Starting from the end of 2015, a project started to create a number of archives on the movement, and in 2022 Dr Anye Nyamnjoh and I initiated a project specifically to provide a platform for a critical reflection on the history, significance, and legacy of the South African student movement. This started in 2023 with a national colloquium on the movement (see blog entry here). After this, a proposal and call for papers was developed for a book with an editorial team that included a broad spectrum of scholar-activists from different backgrounds. 

Now this process is gradually coming to a close. The Mandela University Press received the full manuscript of the book a month ago - and the book is now under review. Of course, the editors and the many authors and co-author teams are excitedly waiting for the outcome of the review and the process of publishing this important book to continue. 

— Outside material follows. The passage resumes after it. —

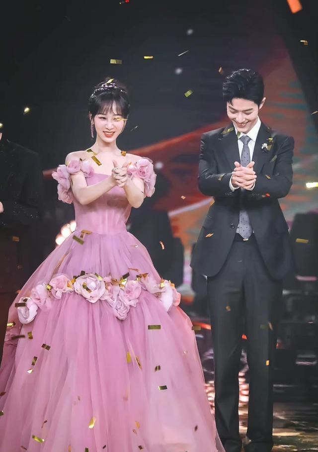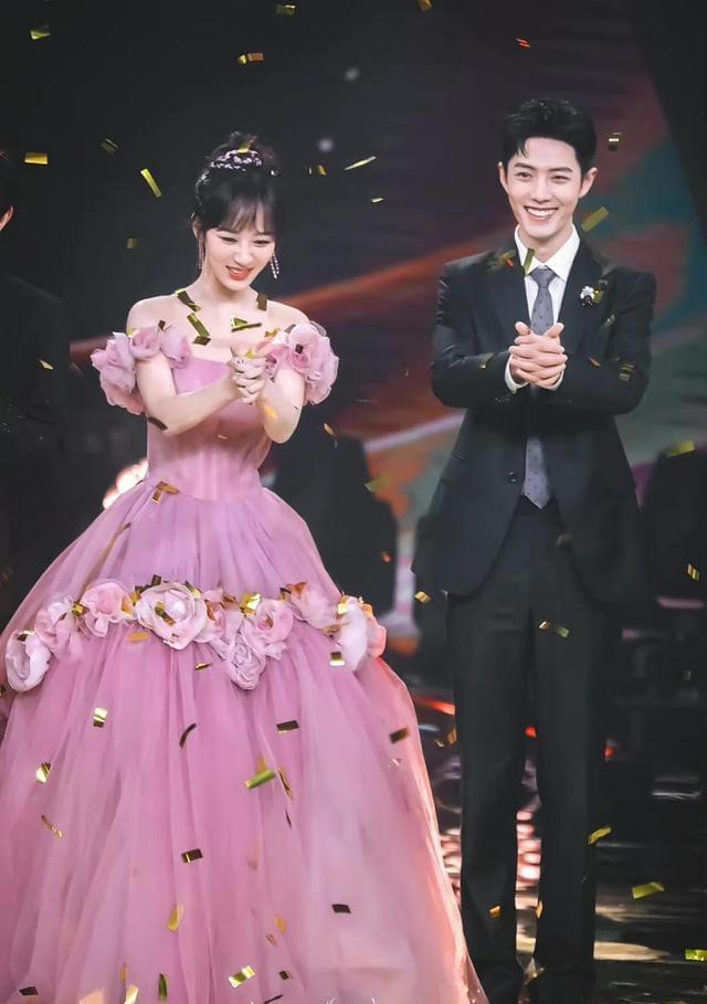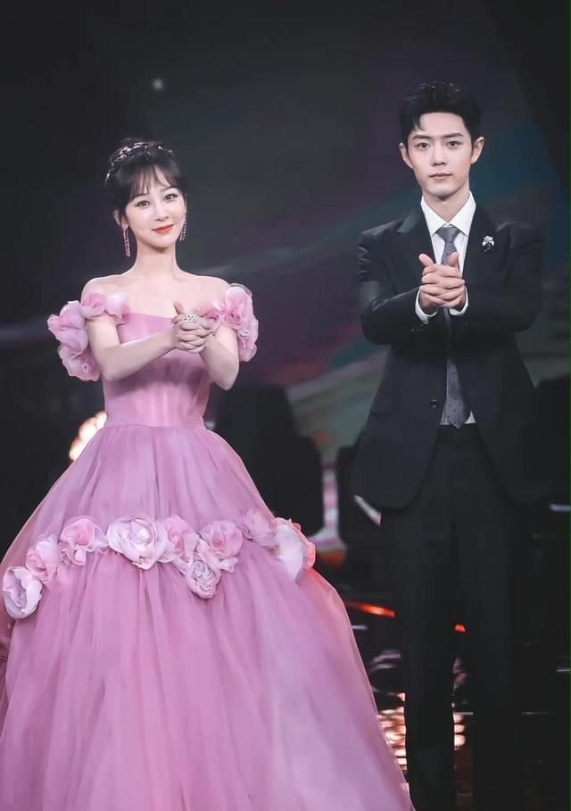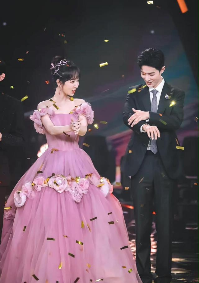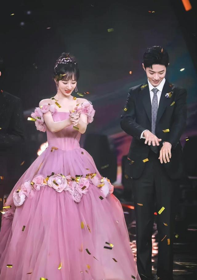 当晚的杨紫穿了一件粉色的薄纱拖地长裙,上台阶的时候非常不方便,肖战早就注意到了这一点。所以在他们登台的时候,肖战让杨紫先走,他在后面替她整理裙摆。
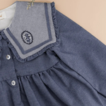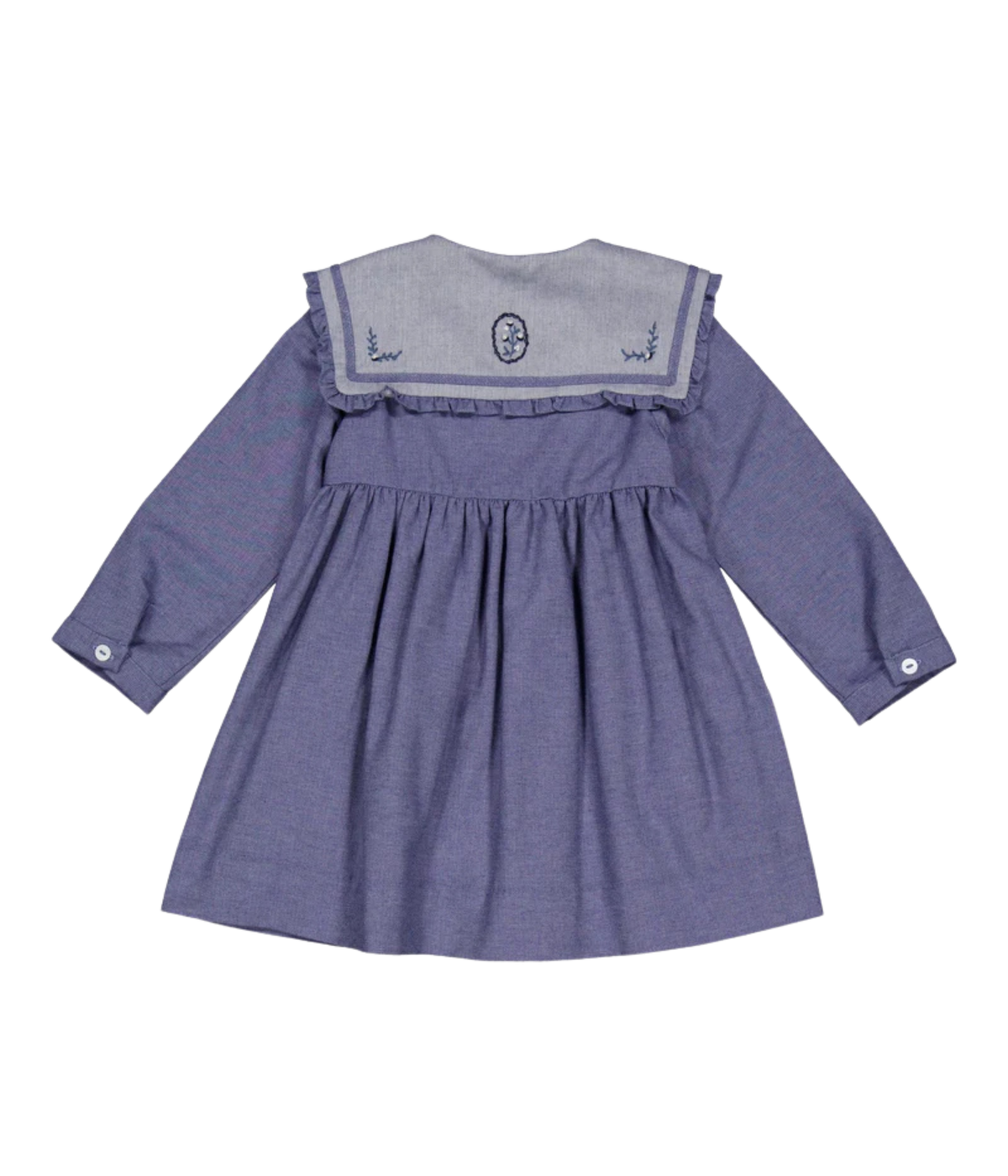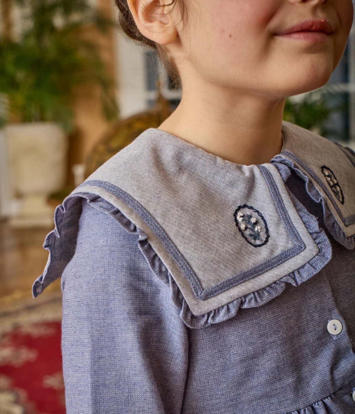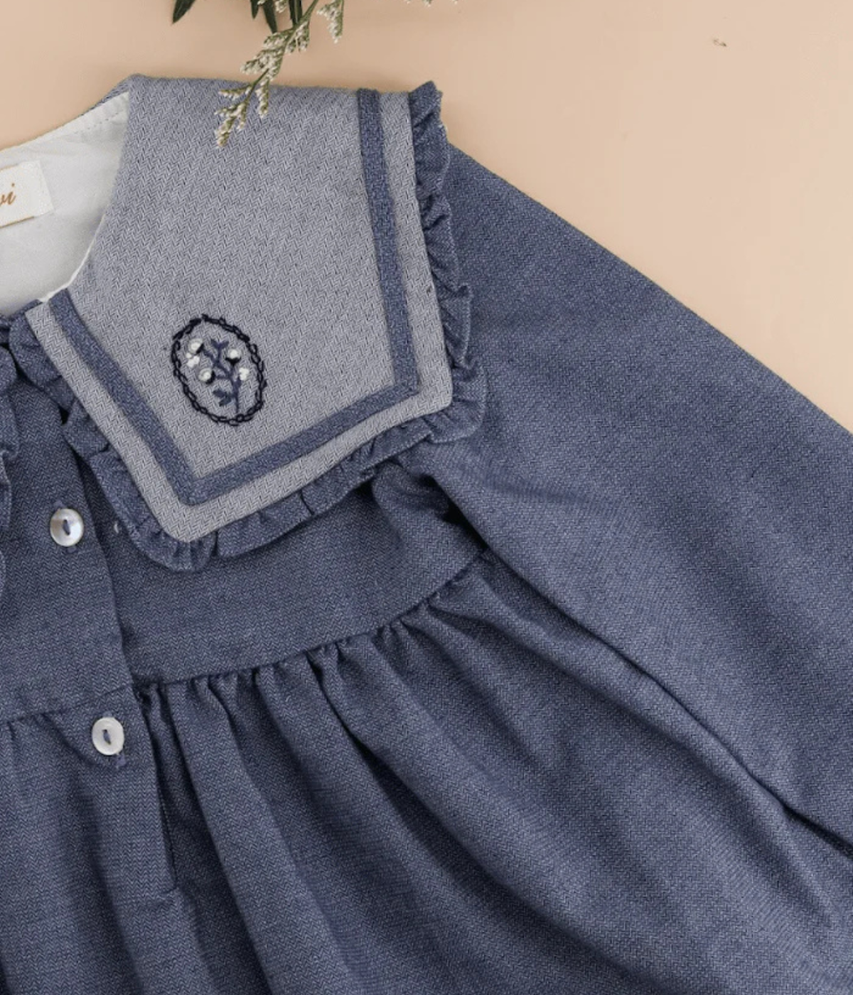 Long-sleeved straight dress, ruffled boat neck embroidered front and back, front opening, in blue denim light herringbone.

If all goes well, the first book launches will be held before the end of the year and continue throughout 2026 - across South Africa and possibly also in major African, Global South and Global North centres of activism, higher education, and engaged scholarship. We are excited!

Friday, 1 August 2025

Rethinking higher education: Public and private synergies for student success in Africa


The July 2025 issue of the Journal of Student Affairs in Africa arrives at a pivotal time in the discussions around higher education and student success in South Africa and on the continent. It comes also in the context of almost seismic global disruptions (and we are thinking here of AI, geo-political madness and climate change-related conflicts, combined with the ongoing structural challenges within African post-school education systems. This compels us to ask hard but essential questions: What kind of higher education systems do we need to serve our students and our societies better? And critically, can we afford to ignore the growing role of private higher education in that future?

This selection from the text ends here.